+++ Supplied data
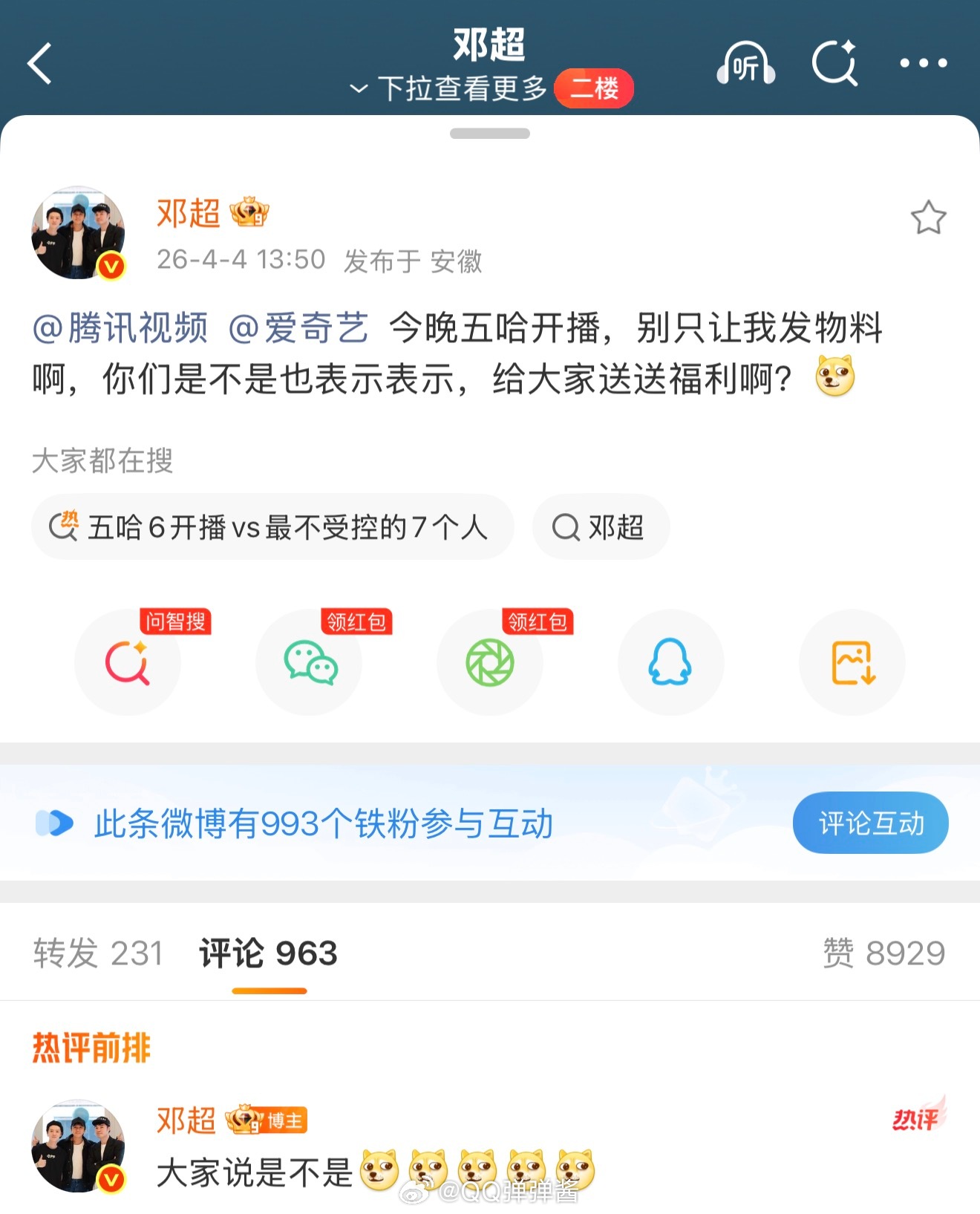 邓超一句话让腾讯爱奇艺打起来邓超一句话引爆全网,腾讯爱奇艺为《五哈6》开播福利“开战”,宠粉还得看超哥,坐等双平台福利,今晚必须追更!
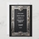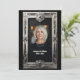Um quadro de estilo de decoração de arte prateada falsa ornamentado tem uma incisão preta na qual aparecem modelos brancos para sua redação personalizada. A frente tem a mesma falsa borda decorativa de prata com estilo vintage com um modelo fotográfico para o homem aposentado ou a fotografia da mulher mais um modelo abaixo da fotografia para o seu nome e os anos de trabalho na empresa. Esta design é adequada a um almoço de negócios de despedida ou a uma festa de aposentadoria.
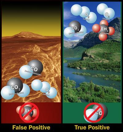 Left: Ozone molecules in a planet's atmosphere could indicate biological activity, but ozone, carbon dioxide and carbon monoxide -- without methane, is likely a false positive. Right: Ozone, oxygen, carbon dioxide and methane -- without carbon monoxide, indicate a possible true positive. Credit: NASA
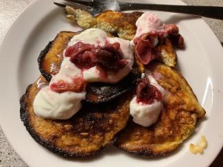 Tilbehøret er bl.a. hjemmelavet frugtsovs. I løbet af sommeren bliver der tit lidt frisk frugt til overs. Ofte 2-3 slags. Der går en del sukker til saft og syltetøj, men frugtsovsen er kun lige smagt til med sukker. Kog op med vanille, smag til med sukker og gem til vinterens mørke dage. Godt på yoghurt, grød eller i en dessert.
++++++
*Instructions to follow*. The required output is the listing above reproduced exactly, pictures removed.

*Answer area*.
 邓超一句话让腾讯爱奇艺打起来邓超一句话引爆全网,腾讯爱奇艺为《五哈6》开播福利“开战”,宠粉还得看超哥,坐等双平台福利,今晚必须追更!
Um quadro de estilo de decoração de arte prateada falsa ornamentado tem uma incisão preta na qual aparecem modelos brancos para sua redação personalizada. A frente tem a mesma falsa borda decorativa de prata com estilo vintage com um modelo fotográfico para o homem aposentado ou a fotografia da mulher mais um modelo abaixo da fotografia para o seu nome e os anos de trabalho na empresa. Esta design é adequada a um almoço de negócios de despedida ou a uma festa de aposentadoria.
 Left: Ozone molecules in a planet's atmosphere could indicate biological activity, but ozone, carbon dioxide and carbon monoxide -- without methane, is likely a false positive. Right: Ozone, oxygen, carbon dioxide and methane -- without carbon monoxide, indicate a possible true positive. Credit: NASA
 Tilbehøret er bl.a. hjemmelavet frugtsovs. I løbet af sommeren bliver der tit lidt frisk frugt til overs. Ofte 2-3 slags. Der går en del sukker til saft og syltetøj, men frugtsovsen er kun lige smagt til med sukker. Kog op med vanille, smag til med sukker og gem til vinterens mørke dage. Godt på yoghurt, grød eller i en dessert.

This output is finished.